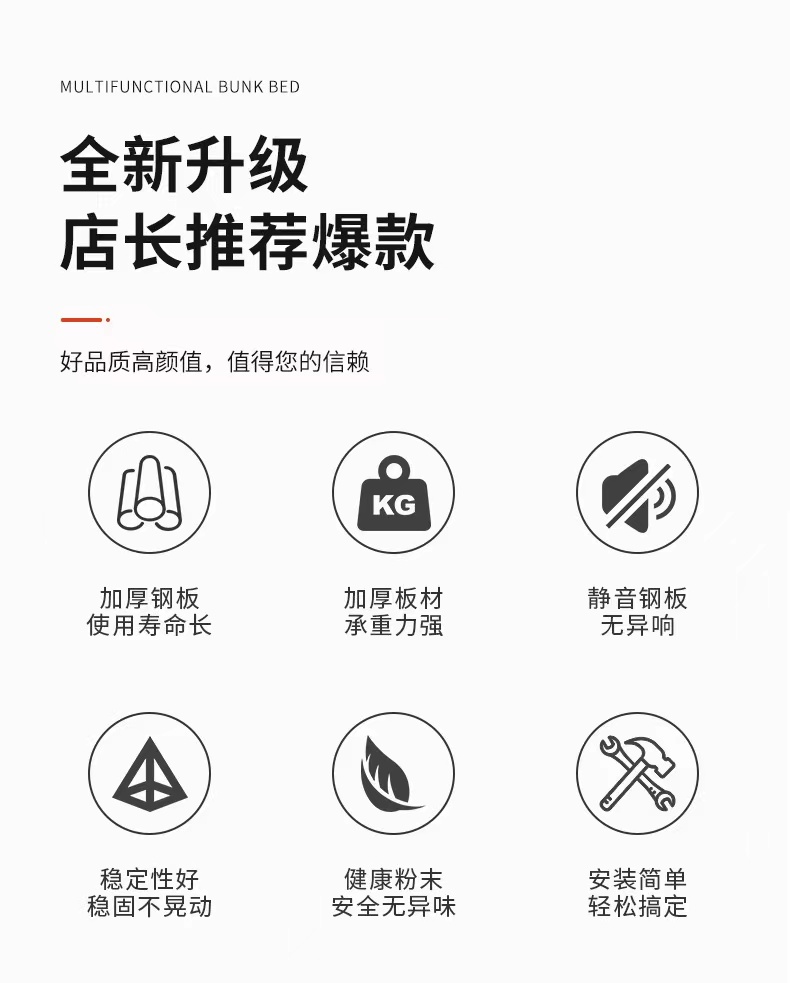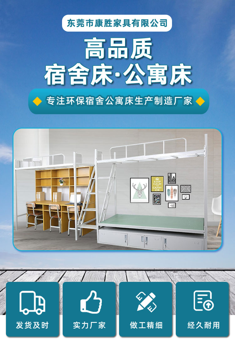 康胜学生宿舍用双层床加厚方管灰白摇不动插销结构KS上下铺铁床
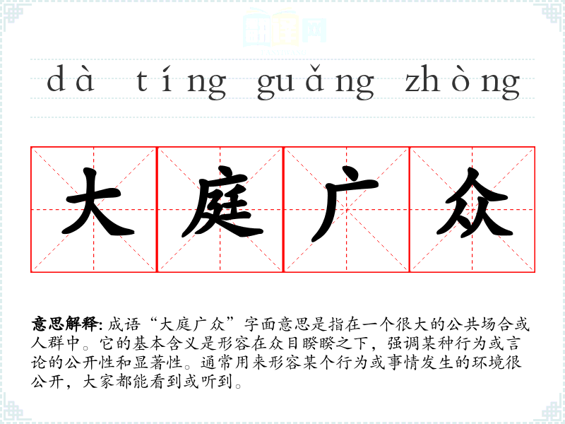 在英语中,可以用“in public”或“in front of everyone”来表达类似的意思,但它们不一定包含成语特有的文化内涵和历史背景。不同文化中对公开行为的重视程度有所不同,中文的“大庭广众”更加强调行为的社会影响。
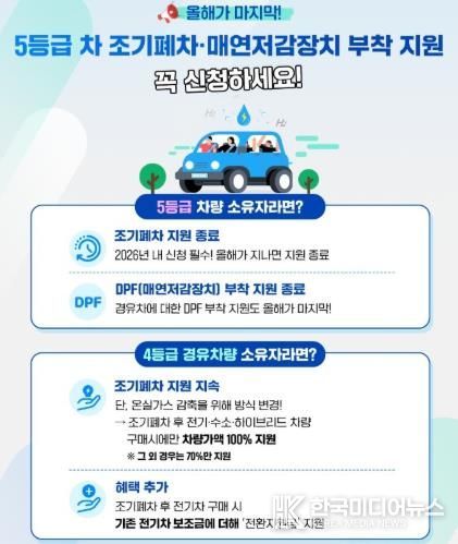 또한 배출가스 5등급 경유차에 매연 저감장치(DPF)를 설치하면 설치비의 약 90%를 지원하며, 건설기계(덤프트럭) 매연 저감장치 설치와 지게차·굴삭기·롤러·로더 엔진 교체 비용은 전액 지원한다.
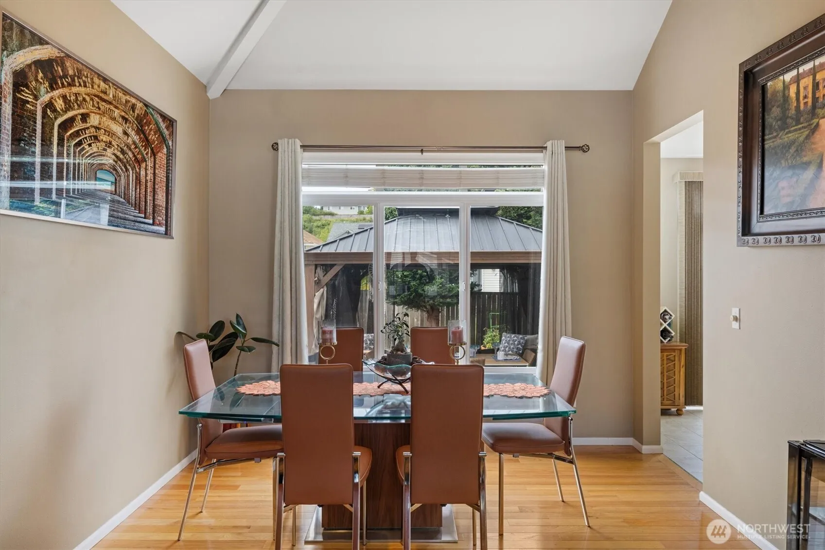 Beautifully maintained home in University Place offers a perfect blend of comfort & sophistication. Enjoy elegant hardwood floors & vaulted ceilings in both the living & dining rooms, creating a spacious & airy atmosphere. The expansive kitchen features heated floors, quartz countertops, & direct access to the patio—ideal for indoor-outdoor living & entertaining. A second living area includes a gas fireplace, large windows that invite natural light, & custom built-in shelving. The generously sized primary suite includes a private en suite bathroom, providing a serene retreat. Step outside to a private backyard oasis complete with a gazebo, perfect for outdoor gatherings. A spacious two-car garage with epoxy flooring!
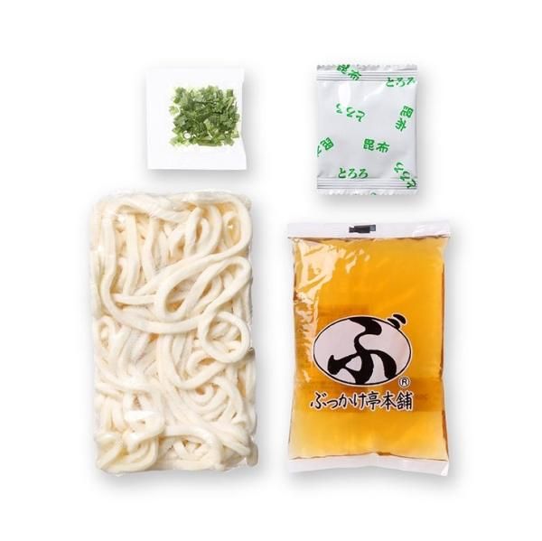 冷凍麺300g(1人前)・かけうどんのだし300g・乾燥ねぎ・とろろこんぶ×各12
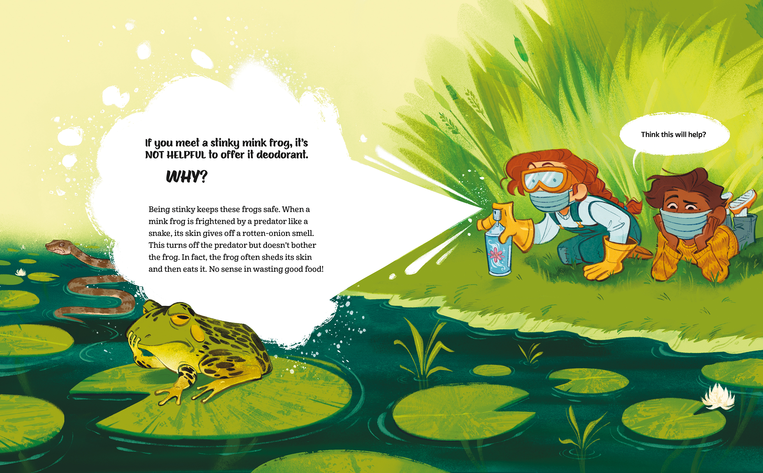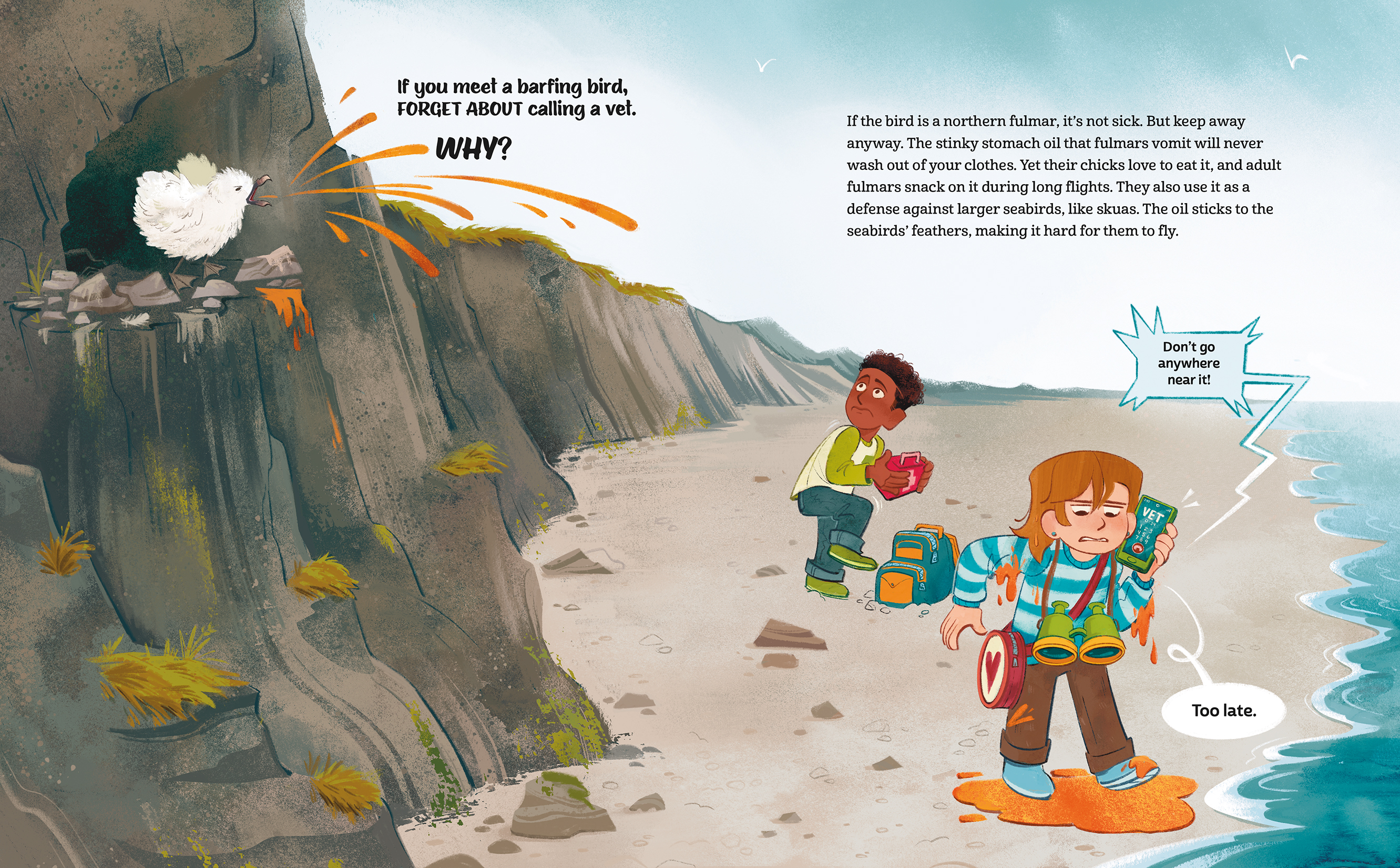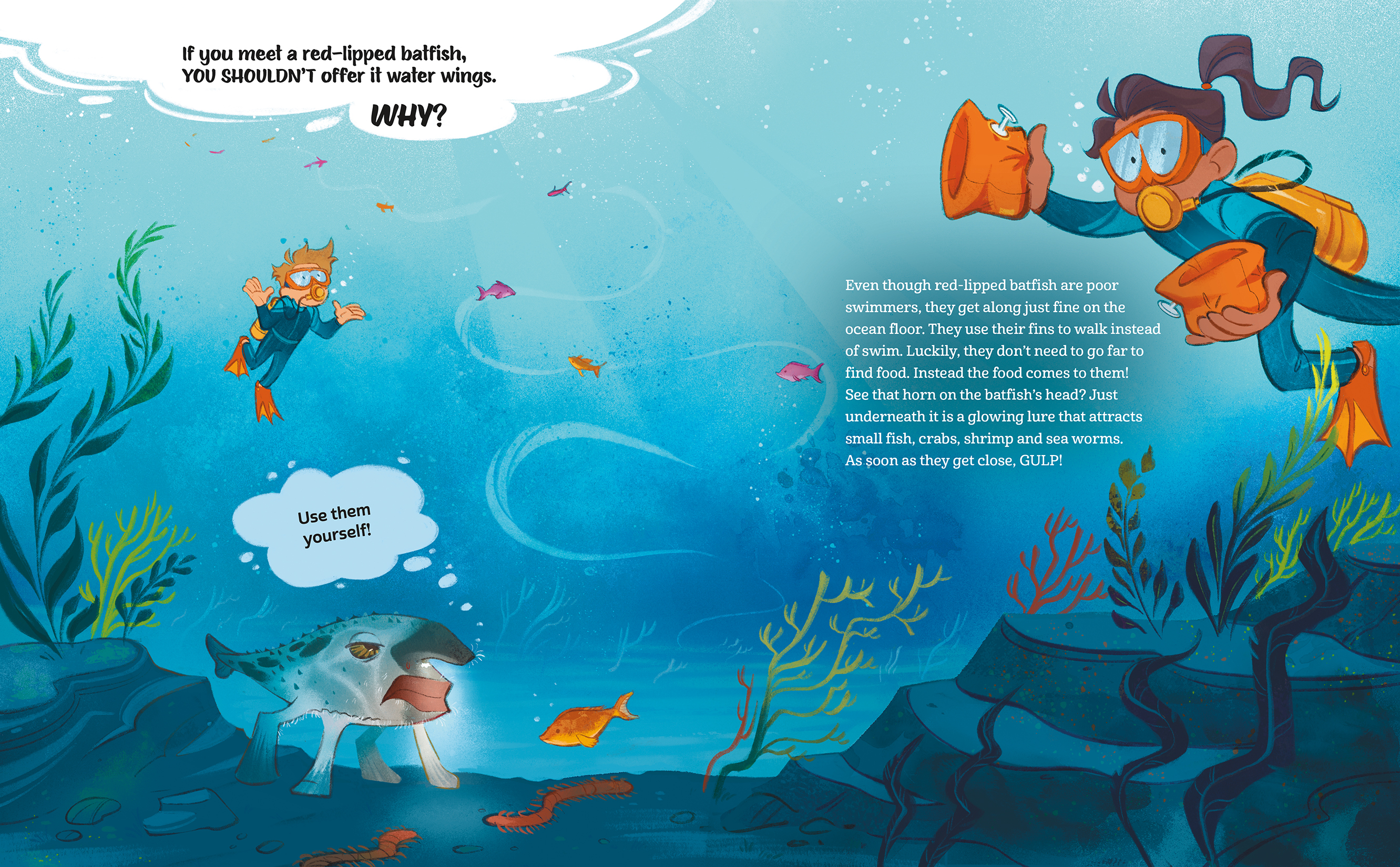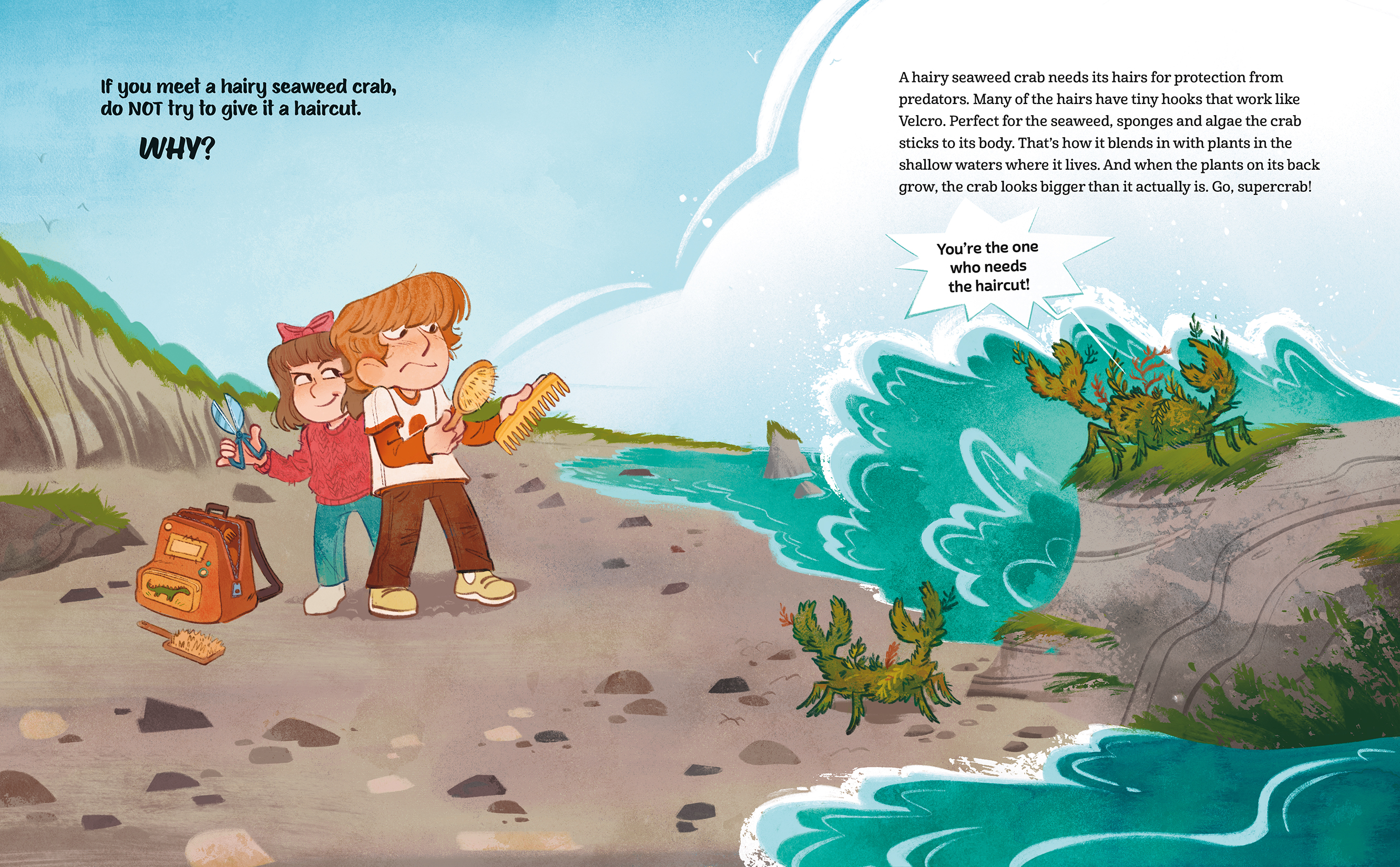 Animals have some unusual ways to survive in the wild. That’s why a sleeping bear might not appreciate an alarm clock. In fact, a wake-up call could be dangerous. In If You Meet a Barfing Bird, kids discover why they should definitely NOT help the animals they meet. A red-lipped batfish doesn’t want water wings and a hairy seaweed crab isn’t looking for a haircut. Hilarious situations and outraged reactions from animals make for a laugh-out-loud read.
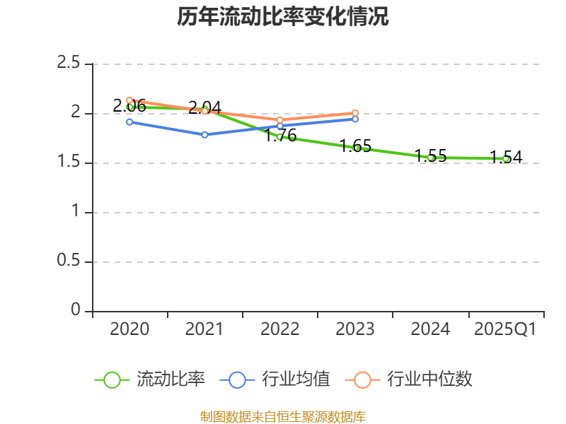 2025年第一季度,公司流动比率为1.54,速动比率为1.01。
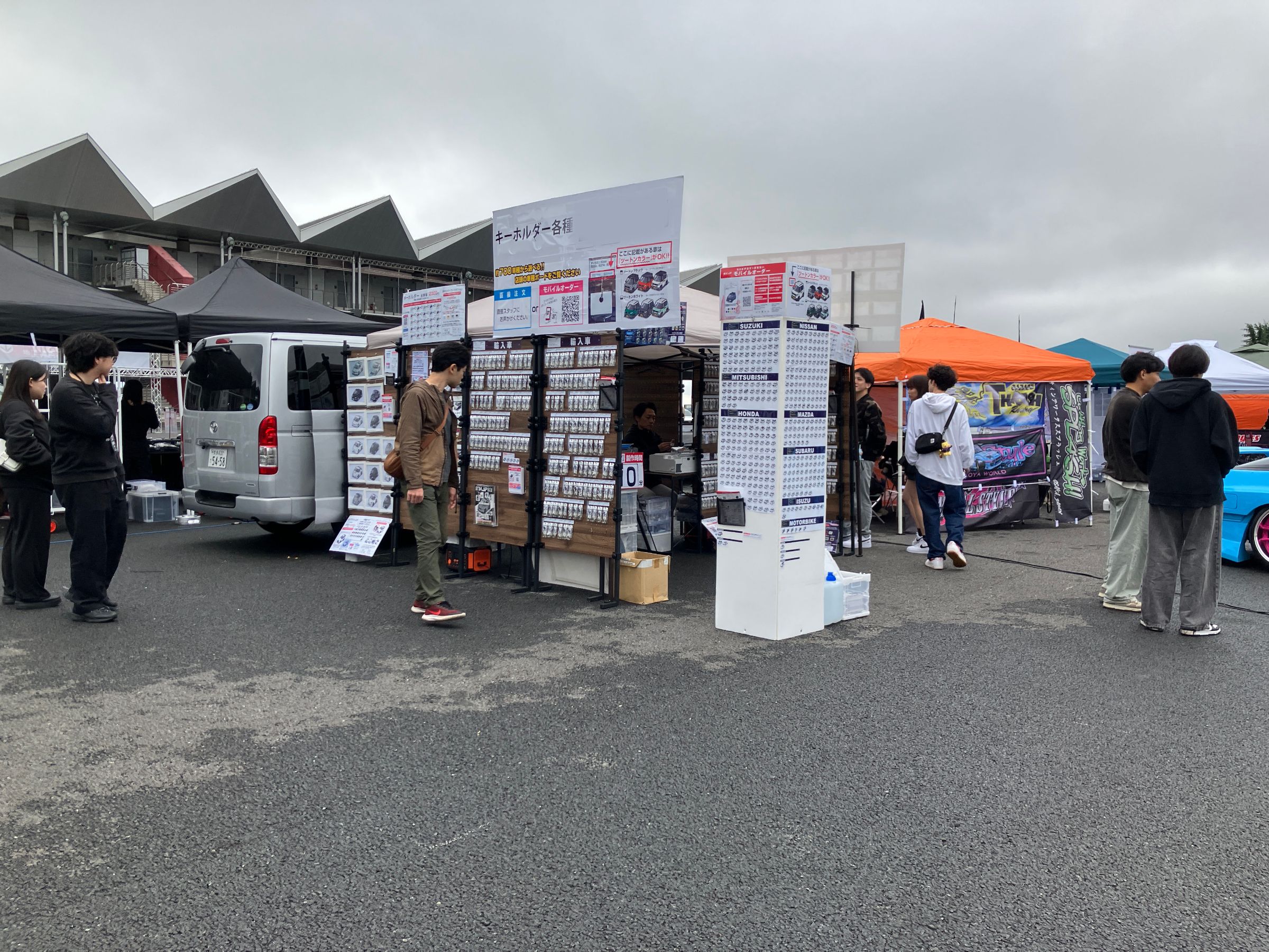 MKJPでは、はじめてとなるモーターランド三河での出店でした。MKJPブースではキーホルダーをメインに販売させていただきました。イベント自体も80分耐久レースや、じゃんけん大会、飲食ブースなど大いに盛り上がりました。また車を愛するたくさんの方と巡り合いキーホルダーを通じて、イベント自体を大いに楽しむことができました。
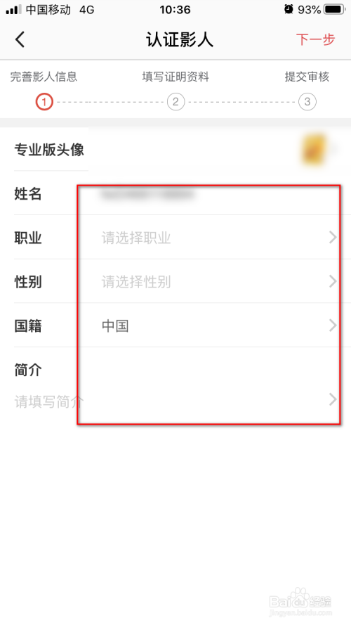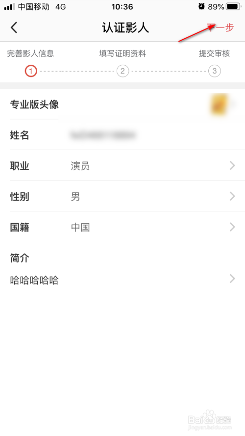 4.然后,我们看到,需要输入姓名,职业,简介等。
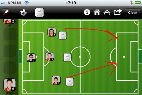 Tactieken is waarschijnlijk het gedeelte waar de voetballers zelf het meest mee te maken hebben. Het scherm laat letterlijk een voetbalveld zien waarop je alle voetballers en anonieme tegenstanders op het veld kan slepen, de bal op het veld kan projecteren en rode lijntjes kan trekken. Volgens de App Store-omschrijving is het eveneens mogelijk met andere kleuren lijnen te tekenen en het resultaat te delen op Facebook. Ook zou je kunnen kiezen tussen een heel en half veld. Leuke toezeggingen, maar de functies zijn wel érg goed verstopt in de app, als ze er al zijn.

----------------

__REQUIREMENT__
Reproduce, word for word, every line from the one that contains "2025年第一季度,公司流动比率为1.54,速动比率为1.01。" to the end of the data, including both ends; omit all pictures.

__ANSWER BELOW__
 2025年第一季度,公司流动比率为1.54,速动比率为1.01。
 MKJPでは、はじめてとなるモーターランド三河での出店でした。MKJPブースではキーホルダーをメインに販売させていただきました。イベント自体も80分耐久レースや、じゃんけん大会、飲食ブースなど大いに盛り上がりました。また車を愛するたくさんの方と巡り合いキーホルダーを通じて、イベント自体を大いに楽しむことができました。
 4.然后,我们看到,需要输入姓名,职业,简介等。
 Tactieken is waarschijnlijk het gedeelte waar de voetballers zelf het meest mee te maken hebben. Het scherm laat letterlijk een voetbalveld zien waarop je alle voetballers en anonieme tegenstanders op het veld kan slepen, de bal op het veld kan projecteren en rode lijntjes kan trekken. Volgens de App Store-omschrijving is het eveneens mogelijk met andere kleuren lijnen te tekenen en het resultaat te delen op Facebook. Ook zou je kunnen kiezen tussen een heel en half veld. Leuke toezeggingen, maar de functies zijn wel érg goed verstopt in de app, als ze er al zijn.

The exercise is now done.